[Opening Data to examine section]

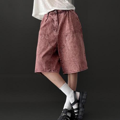 |CSP8C3E|여성 남성 빈티지 피그먼트 절단 반바지 여름 청바지
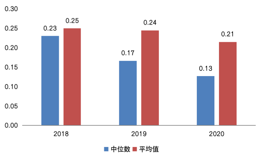 圖:27家房企2018-2020年凈現比中位數及平均值
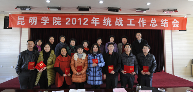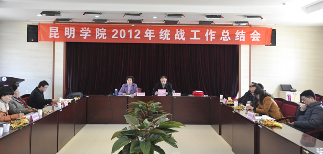 为认真总结2012年统战工作取得的成绩,部署2013年的统战工作, 1月18日下午,昆明学院2012年统战工作总结会在行政办公楼502会议室召开。学校党委副书记李媛芬出席会议,各院系党总支统战委员、各民主党派、侨台联基层组织负责人、无党派人士代表等40余人参加会议。
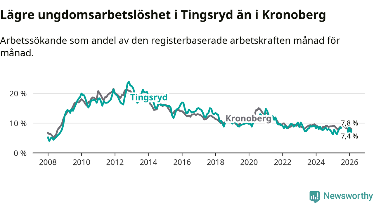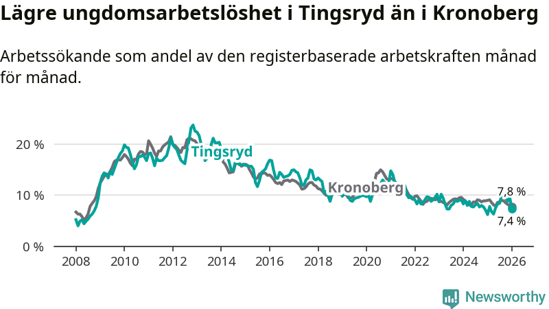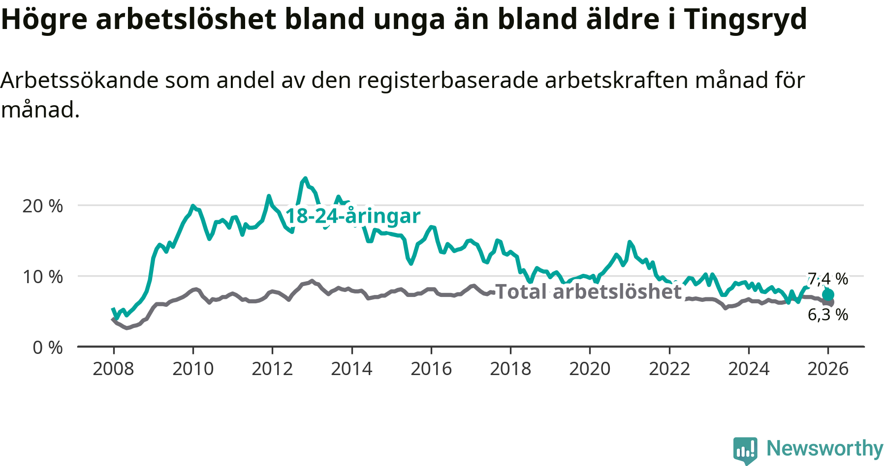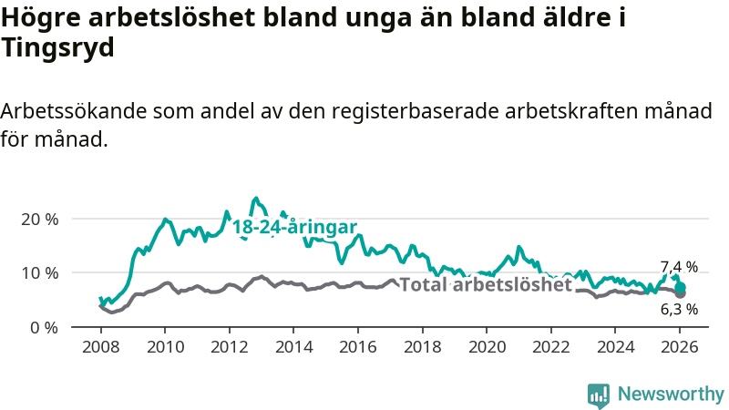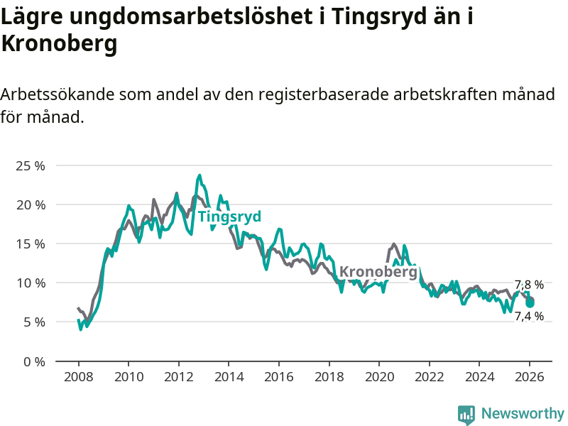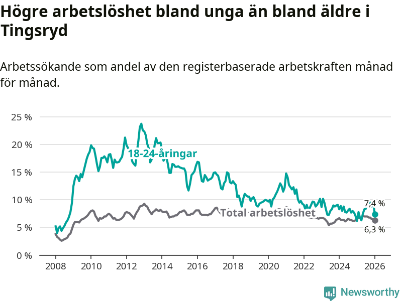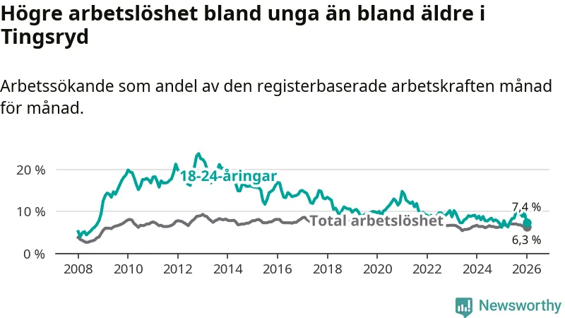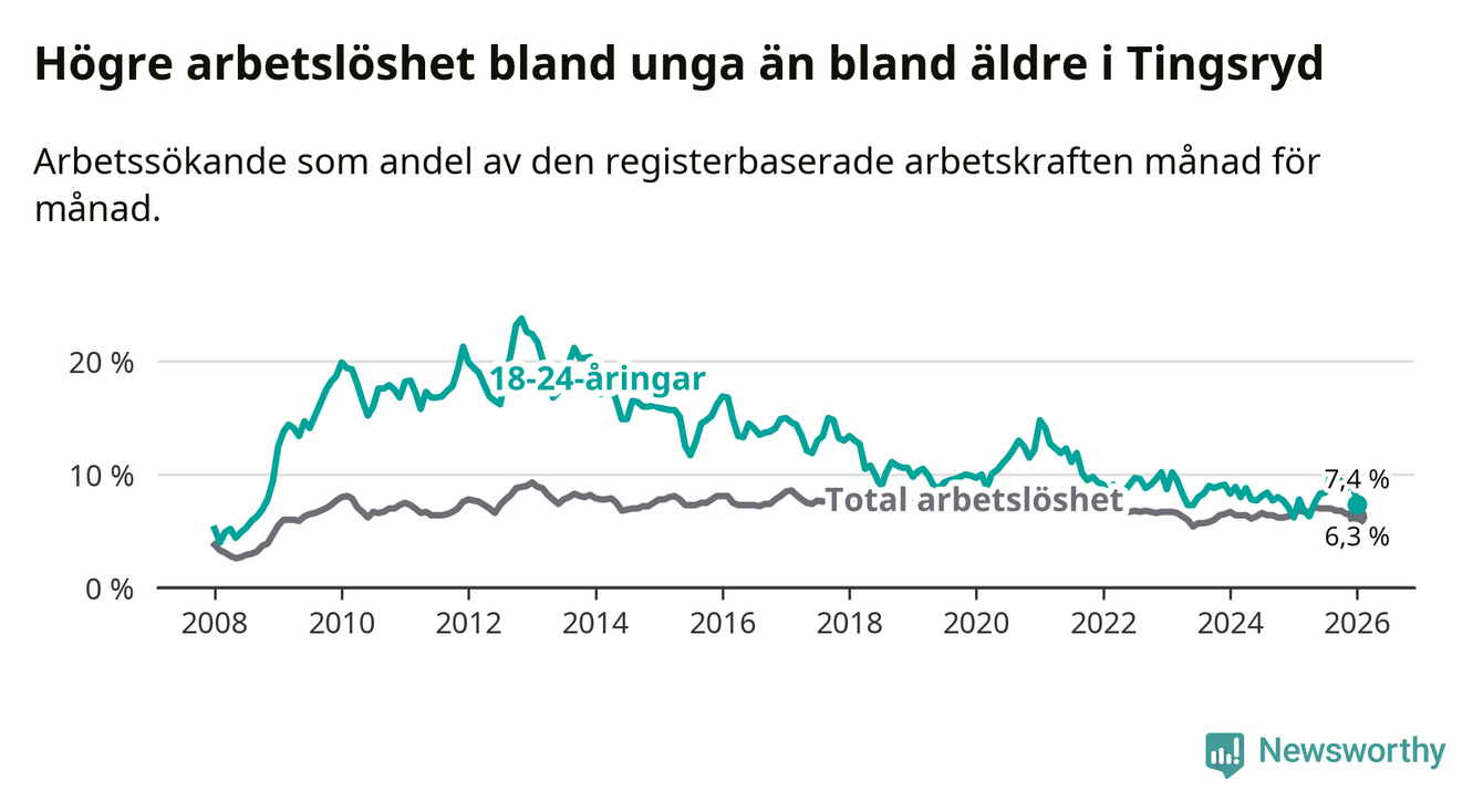 I och med den senaste månadens uppgång har de ungas arbetslöshet i Tingsryd stigit åtta månader i följd (upp från 7,5 procent i maj 2025 till 7,4 procent nu).
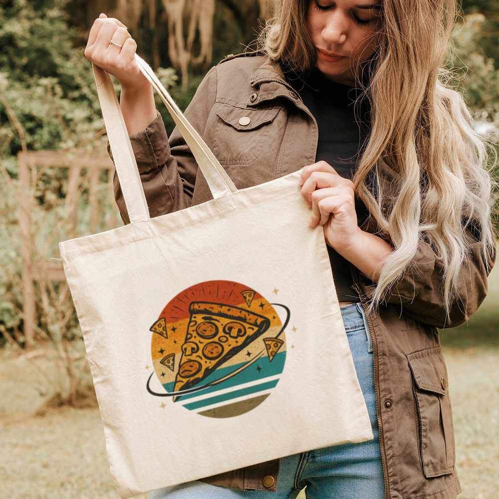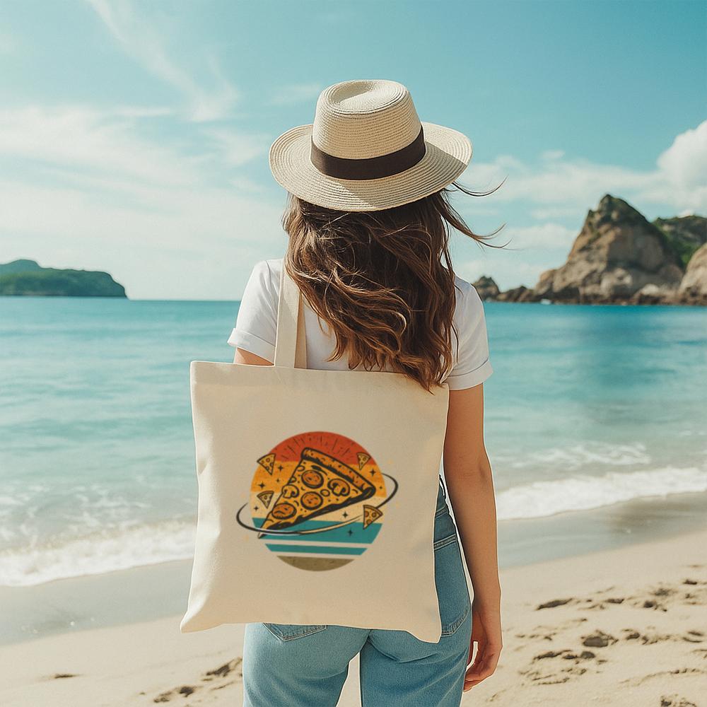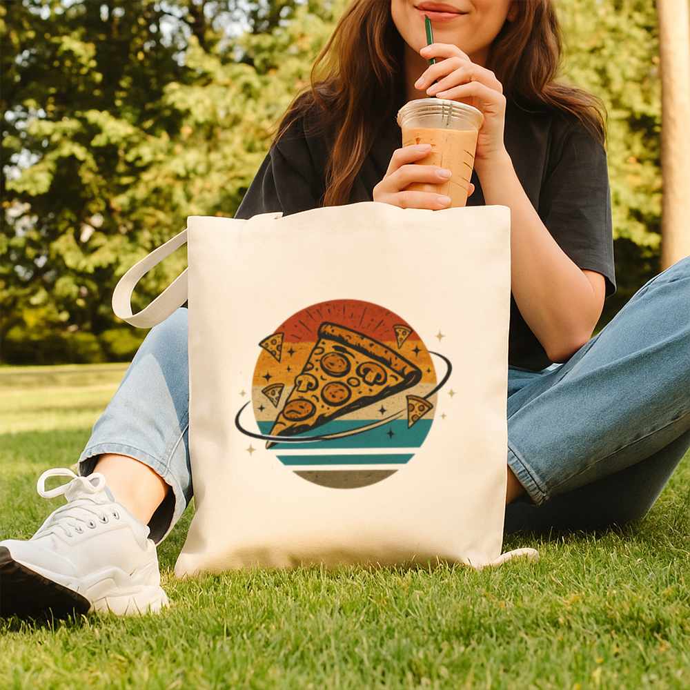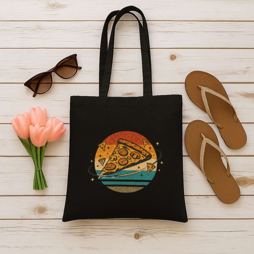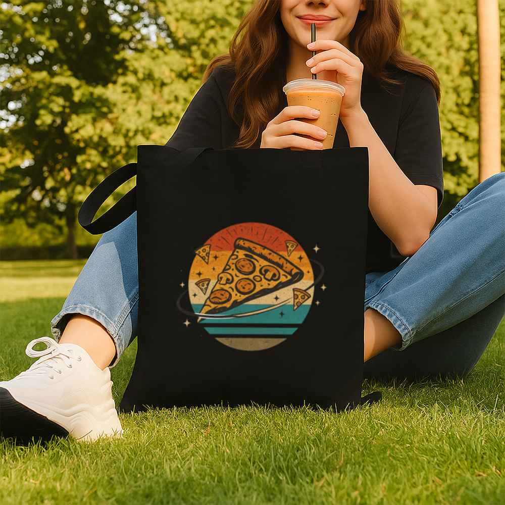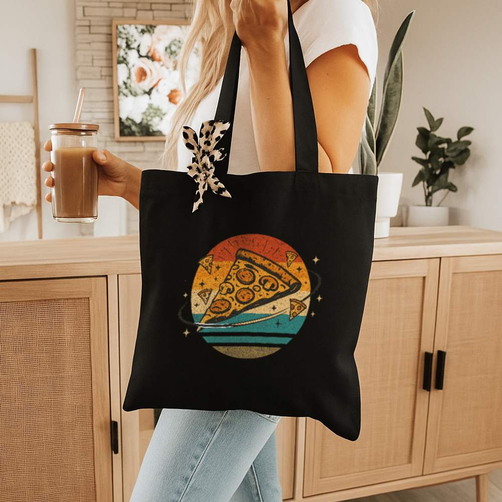 Pizza Galaxy Tote Bag – Retro Space For Gift Pizza Reusable Bag
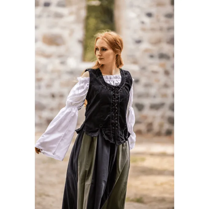 This corset is made after several originals depicted in Renaissance paintings. This corset is very suitable to wear over a blouse and skirt at a medieval festival. This corset has laces at the front with which it can be adjusted to your fit.
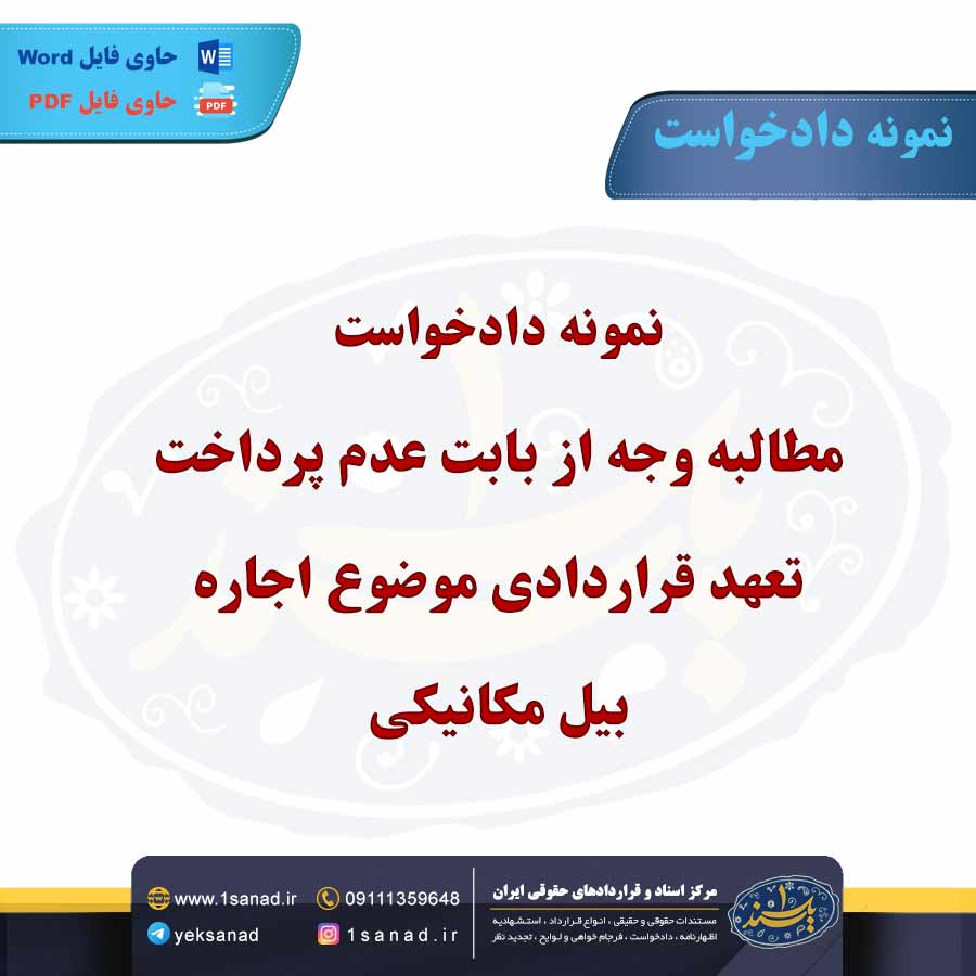 نمونه دادخواست مطالبه وجه از بابت عدم پرداخت تعهد قراردادی

[Closing Data to examine section]

About this exercise:
All entries above must be repeated exactly; pictures are to be left out.

Solution:
 |CSP8C3E|여성 남성 빈티지 피그먼트 절단 반바지 여름 청바지
 圖:27家房企2018-2020年凈現比中位數及平均值
 为认真总结2012年统战工作取得的成绩,部署2013年的统战工作, 1月18日下午,昆明学院2012年统战工作总结会在行政办公楼502会议室召开。学校党委副书记李媛芬出席会议,各院系党总支统战委员、各民主党派、侨台联基层组织负责人、无党派人士代表等40余人参加会议。
 I och med den senaste månadens uppgång har de ungas arbetslöshet i Tingsryd stigit åtta månader i följd (upp från 7,5 procent i maj 2025 till 7,4 procent nu).
 Pizza Galaxy Tote Bag – Retro Space For Gift Pizza Reusable Bag
 This corset is made after several originals depicted in Renaissance paintings. This corset is very suitable to wear over a blouse and skirt at a medieval festival. This corset has laces at the front with which it can be adjusted to your fit.
 نمونه دادخواست مطالبه وجه از بابت عدم پرداخت تعهد قراردادی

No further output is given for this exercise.